Because of the required input format for the library's analysis functions, calls to other function within the inputted code snippets are not within the scope of our analysis.

### Static Analysis
This library is deisgned to be a static analysis tool, so there are some more dynamic cases that are out of the scope of our analysis.

For example, the code snippet below would be valid input, but the analysis of this could would not be as complete as that of a more static code snippet because of the changes the the value of the variable a within the while loop.

```sh
a = 1
while (a < 5):
  if a == 4:
    print(a)
  a += 1
```
Due to the nature of static analyis tools, our library cannot handle and analyze external dependencies, such as library calls or user input.

### Limitations Specific to Each Type of Analysis
#### Unused Variables
We have not identified any limitations specific to the analysis of unused variables, but the same limitations mentioned above still apply to this form of analysis.

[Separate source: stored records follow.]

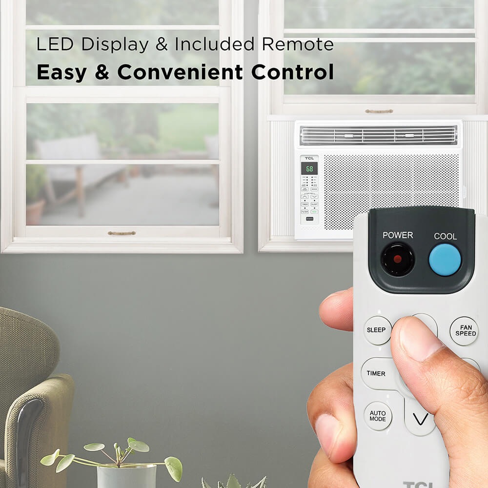 Stay cool and in control with the powerful cooling capacity of the TCL 5,000 BTU Window Air Conditioner that can cool rooms up to 150 sq. ft. TCL’s line of window AC units keeps your energy bill low with the additional Sleep and Eco modes. The washable and reusable filter helps protect the life of your AC while also reducing large airborne particles like dust and pet hair. The included guided instructions mean you don’t have to be an expert technician to set up your window AC. Once set up, the LED display makes controlling your window air conditioner simple, while the included remote lets you effortlessly control the unit without ever leaving the couch. It’s time to enjoy your home the way it was meant to be.
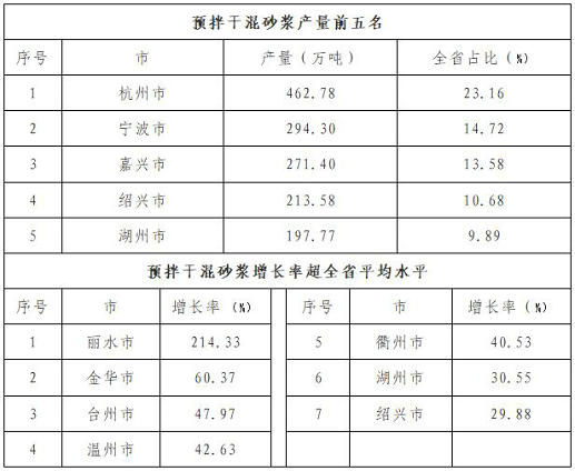 4.推动全省预拌混凝土、预拌砂浆行业的高质量发展。谋划出台浙江省预拌砂浆高质量发展的指导意见,加大对预拌砂浆质量的抽检工作;压实质量管理的企业主体责任,要求企业建立预拌混凝土、预拌砂浆原材料采购的台账制度。
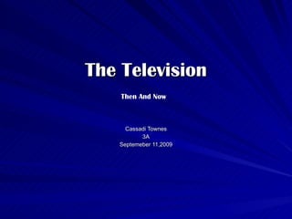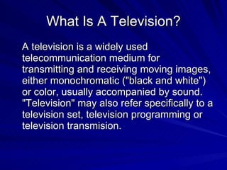 The document provides a history of television from its origins to modern times. It describes what a television is, important early inventions and developments in television technology from 1900 to 1990, materials used in early television sets, and some effects television has had on society both positive and negative. Television has informed society through news broadcasts but can also draw children away from other activities.
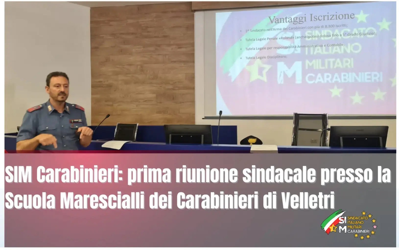 Velletri (RM) - Si è tenuta ieri, mercoledì 21 giugno, la prima riunione sindacale presso la Scuola Marescialli dei Carabinieri di Velletri, durante la quale Mario Fusco, Commissario Straordinario SIM per il comparto Scuole di Velletri, ha illustrato le motivazioni per cui iscriversi ad un Sindacato e, in particolare, perché aderire al SIM CARABINERI, primo Sindacato regolarmente assentito nella Storia delle Forze Armate e primo per numero di adesioni.
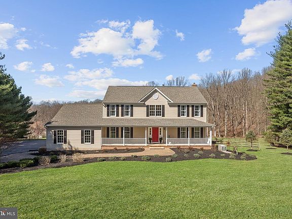 Stunning recently updated Colonial style home on 6 private acres boasting panoramic views, backing to woods, private pond, barn, lofty windows, gleaming hardwood floors throughout the main and upper levels, two-story foyer, and design-inspired features throughout! From the open floor plan to the spectacular outdoor living space, this gorgeous home hits the perfect balance of privacy and every entertainer's dream; Spacious formal living room; Dining room graced with crown molding and chair railing; Eat-in kitchen embellished with sleek stainless steel appliances, Granite countertops, island, breakfast bar, and ample cabinetry; Sunroom with soaring cathedral ceilings, lofty windows, and amazing backyard views; Sunken family room highlighted with a stone profile fireplace and easy access to the deck; Laundry room and powder room complete the main level; Primary bedroom with a large walk-in closet, luxurious full bath with dual vanities, soaking tub, water closet, and glass-enclosed shower; Three additional bedrooms and full bath conclude the upper level sleeping quarters; Expansive lower level recreation room, game room, additional kitchen, rough-in for a bathroom, atrium doors that lead you to the outdoor oasis, and garage access; This remarkable property aims to please and is truly the embodiment of Maryland's good life! Recent updates: Interior paint, main level floors refinished, granite countertops, deck stained, stainless steel appliances, oil tank, light fixtures replaced throughout, iron balusters for railings, house and walkways power washed, window treatments, plumbing fixtures, landscaping, and more! The exterior features an expansive private lot, panoramic views, backs to trees, 3 car garage + tractor garage, landscaped grounds, extensive hardscape, covered front porch, pond with Koi fish, barn with a chicken coop, water, and electric, patio, rear fence, variety of trees including Magnolia, Hibiscus, Cherry Blossom, Dogwood, Evergreens, and more! A MUST SEE!
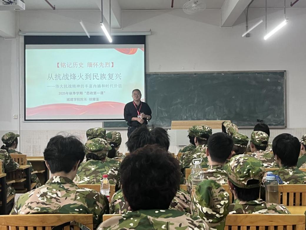 2025年10月28日,城建院院長徐耀鑒在第二教學(xué)樓305教室以“從抗戰(zhàn)烽火到民族復(fù)興”為主題,為25級(jí)新生講授新學(xué)期“思政第一課”,帶領(lǐng)新生學(xué)子回望抗戰(zhàn)崢嶸歲月,在歷史與精神的對(duì)話中錨定時(shí)代使命。
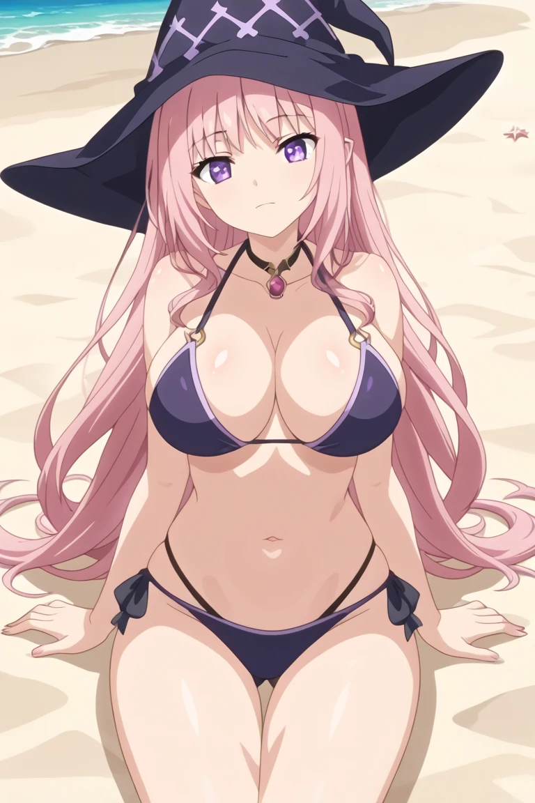 lifulia,1girl,pink hair,long hair,purple eyes,large breasts,open cloak, open clothes, witch hat, bike shorts,
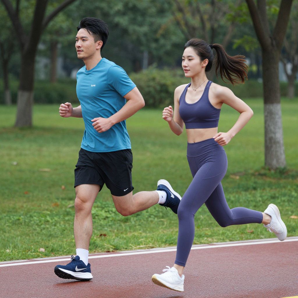 Young Couple, Man & Woman, Running & Exercising together to stay healthy & fit
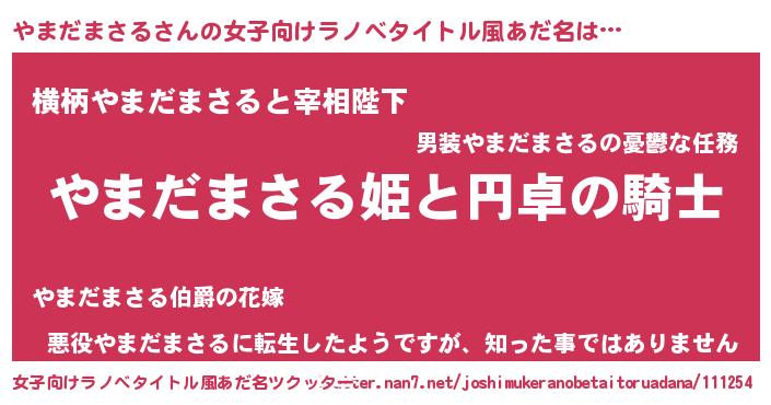 | 男性向けラノベタイトル風あだ名 | 『ヤマダマサルアートオンライン』 |
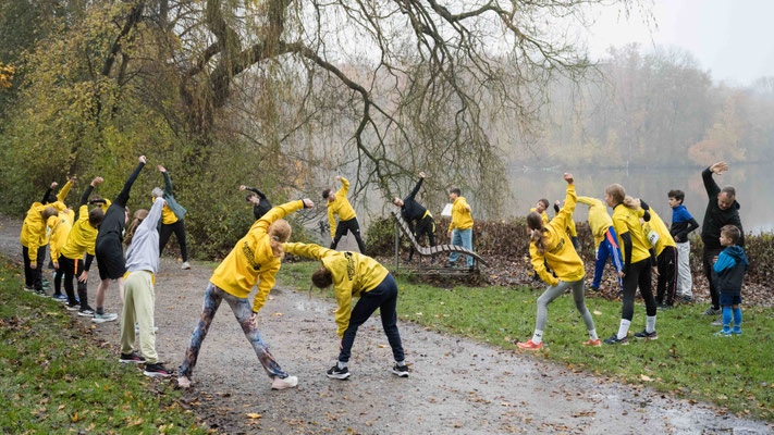 der Klassen fünf bis zehn vor der Sporthalle. Das Training erfolgt rund um den Stadtwerke-Sportpark in Ratingen. „Wir ziehen uns in den Umkleidekabinen des Sportplatzes um und trainieren im
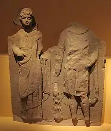 In Gallo-Roman religion, Ancamna was a goddess worshipped particularly in the valley of the river Moselle. She was commemorated at Trier and Ripsdorf as the consort of Lenus Mars,[1] and at Möhn as the consort of Mars Smertulitanus.[2][3] At Trier, altars were set up in honour of Lenus Mars, Ancamna and the genii of various pagi of the Treveri, giving the impression of Lenus Mars and Ancamna as tribal protectors honoured in an officially organized cult.[4][5] Among the few statuettes left as votive offerings at the sanctuary of Mars Smertulitanus and Ancamna at Möhn is one of a genius cucullatus like those offered to the Xulsigiae at the Lenus Mars temple complex in Trier.[6]
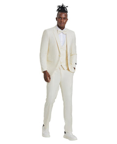 Tazzio Skinny Fit Polka Dot Suit Shawl U-Shaped Vest, Champagne
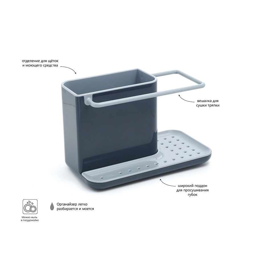 Вместительная основная емкость органайзера предназначена для хранения щеток и бутылок со средствами для мытья. На вешалке, расположенной вдоль ее внешнего края, удобно сушить небольшие тряпки. Широкий поддон с отверстиями предоставляет место для просушивания губок, а скрывающийся под ним резервуар аккуратно собирает стекающую воду. Органайзер легко собирается и разбирается для чистки.

#### Unreachable Definitions
Due to the constraints of static analysis, our identification of unreachable definitions does not account for changes to variables that happen within iterations of a loop, other than the first iteration. This means that the identification of lines of code within a loop is determined based on the values of variables at the time of the first iteration of the loop.

For example, in the analysis of the code snippet below, the line 'print(a)' would be identified as an unreachable definition, even though after 10 iterations of the loop, this line would be reached. On the first iteration though, it is unreached.

```sh
a = 1
b = 2
while True:
  if a == 10:
    print(a)
  else:
    print(b)
  a += 1
```

#### Very Busy Expressions
For our analysis of very busy expressions, expressions are considered very busy if they are repeated and each instance is exactly the same, other than any difference in whitespace.

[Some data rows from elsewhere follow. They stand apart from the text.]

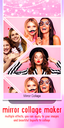 Enjoy our creative mirror collage maker and mix up to 10 photos in various different shapes: lula collage, stitch collage, 3D collage and mirror collage. Dwell into the art collage and reverse photos and look like a twin or reverse it and let others see your reflections on mirror. Add as many stickers as you want with the help of our wide gallery of stickers such as heart stickers, valentine stickers, live stickers and motion stickers. You can also have much fun using our tremendous window of frames up to date with different events more like Valentine frames, Christmas frames, New Year’s Eve frames and so many other frames ready for you to use as you wanted.
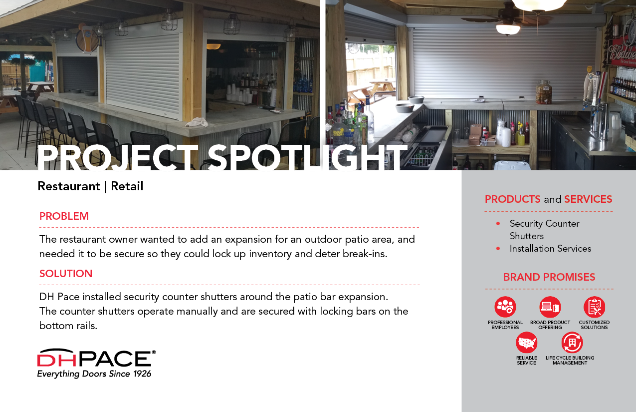 DH Pace installed security counter shutters around the patio bar expansion. The counter shutters operate manually and are secured with locking bars on the bottom rails.
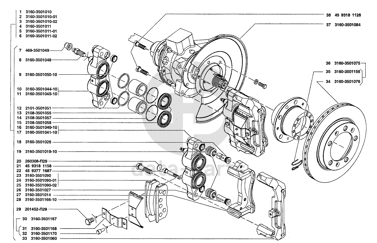 Тормоза рабочие передние и тормозные диски (для моста 3741-2300011-51) УАЗ-37419

For example, in our analysis, 'a + b' and 'b + a' would not be considered as the same expressions, because the order of 'a' and 'b' is swapped.

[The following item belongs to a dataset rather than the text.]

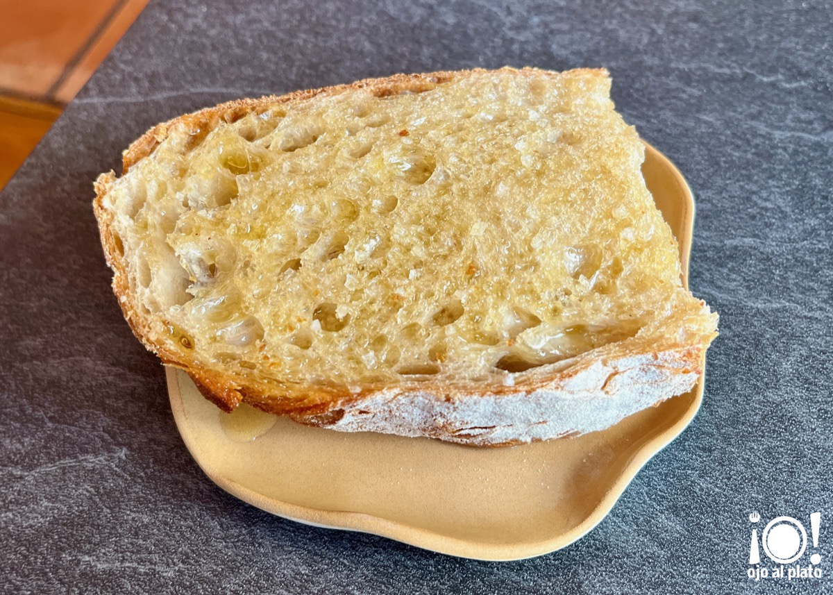El pan que sirven no es cualquier cosa, se han preocupado de encontrar el mejor posible, y realmente está muy bueno. Lo hace un obrador de Gandía que se llama Cruixent. Es un pan de masa madre que se sirve cubierto con una mantequilla negra, una mantequilla que dejan tostar varias horas a fuego lento y después se infusionan en ella varias hierbas, Tomillo, Romero, Salvia y Orégano fresco. Repetirás.

In regards to whitespace, 'a + b' and 'a+b' would be considered as the same expression, despite the difference in spacing.

Lastly, it is important to note that 'a + b' and 'a + b + c' would not be condisered busy together in our analysis, despita 'a + b' being part of both expressions.

#### Dead Code
Our dead code analysis function inherits functionality from the other analysis functions, and thus inherits the same limitations.